● WHAT TO PRODUCE: The output is the lines below from the one with "Kombiniert mit rotem" through the one with "安次富昭絋さんの画数の鑑定結果", both included, printed exactly and with no other line.

Top of TASK DATA

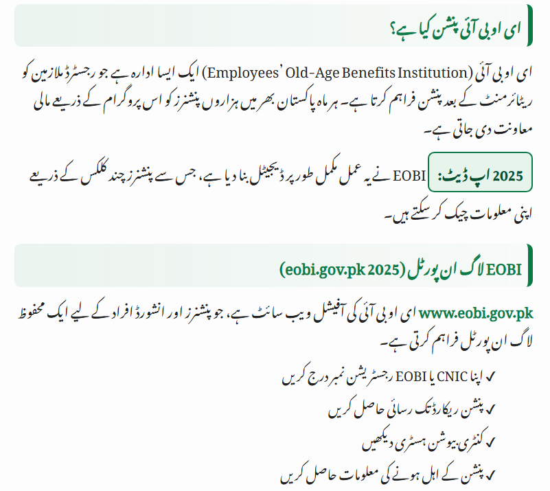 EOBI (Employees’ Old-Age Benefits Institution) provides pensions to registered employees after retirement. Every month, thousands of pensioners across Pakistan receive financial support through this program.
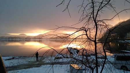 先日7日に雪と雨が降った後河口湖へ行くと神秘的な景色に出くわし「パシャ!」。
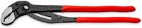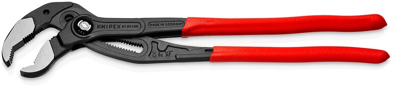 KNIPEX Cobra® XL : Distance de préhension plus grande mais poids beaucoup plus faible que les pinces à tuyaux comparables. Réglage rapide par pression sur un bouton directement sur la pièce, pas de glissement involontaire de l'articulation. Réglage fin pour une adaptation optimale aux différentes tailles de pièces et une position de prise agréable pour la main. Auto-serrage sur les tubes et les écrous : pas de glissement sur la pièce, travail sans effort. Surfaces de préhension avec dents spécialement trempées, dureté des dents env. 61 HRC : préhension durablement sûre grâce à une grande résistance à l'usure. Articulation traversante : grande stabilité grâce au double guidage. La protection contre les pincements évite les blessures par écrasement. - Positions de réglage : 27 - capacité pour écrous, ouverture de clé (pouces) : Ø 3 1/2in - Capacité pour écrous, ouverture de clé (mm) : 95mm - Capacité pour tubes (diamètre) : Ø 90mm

Bottom of TASK DATA
Top of TASK DATA

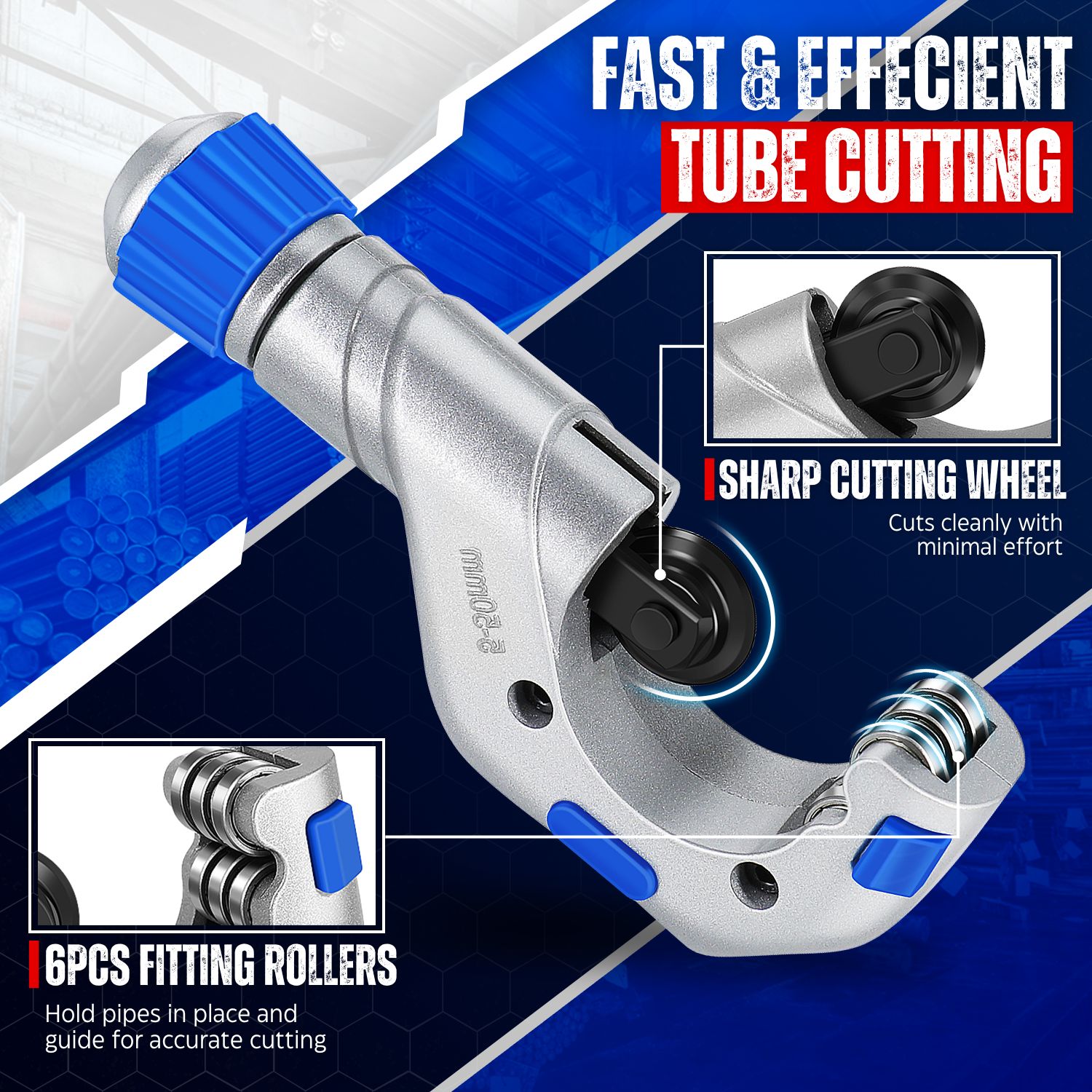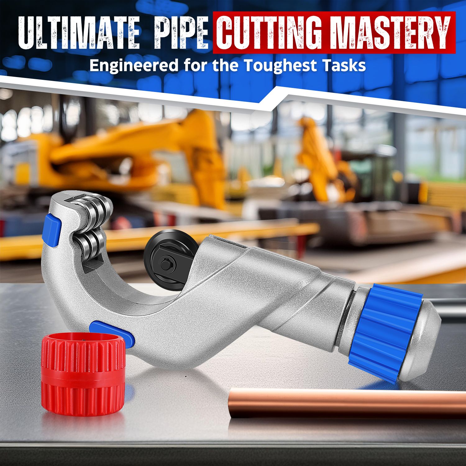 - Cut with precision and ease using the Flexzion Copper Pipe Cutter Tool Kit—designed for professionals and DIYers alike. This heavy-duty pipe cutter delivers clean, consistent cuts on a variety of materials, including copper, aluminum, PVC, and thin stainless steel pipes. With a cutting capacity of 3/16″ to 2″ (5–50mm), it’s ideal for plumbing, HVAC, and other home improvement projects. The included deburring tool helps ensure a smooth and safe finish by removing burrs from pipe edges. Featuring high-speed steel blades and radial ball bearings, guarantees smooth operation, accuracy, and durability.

Bottom of TASK DATA
Top of TASK DATA

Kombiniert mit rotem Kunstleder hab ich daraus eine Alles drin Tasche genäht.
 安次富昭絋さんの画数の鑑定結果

Bottom of TASK DATA

● ANSWER BOX:
Kombiniert mit rotem Kunstleder hab ich daraus eine Alles drin Tasche genäht.
 安次富昭絋さんの画数の鑑定結果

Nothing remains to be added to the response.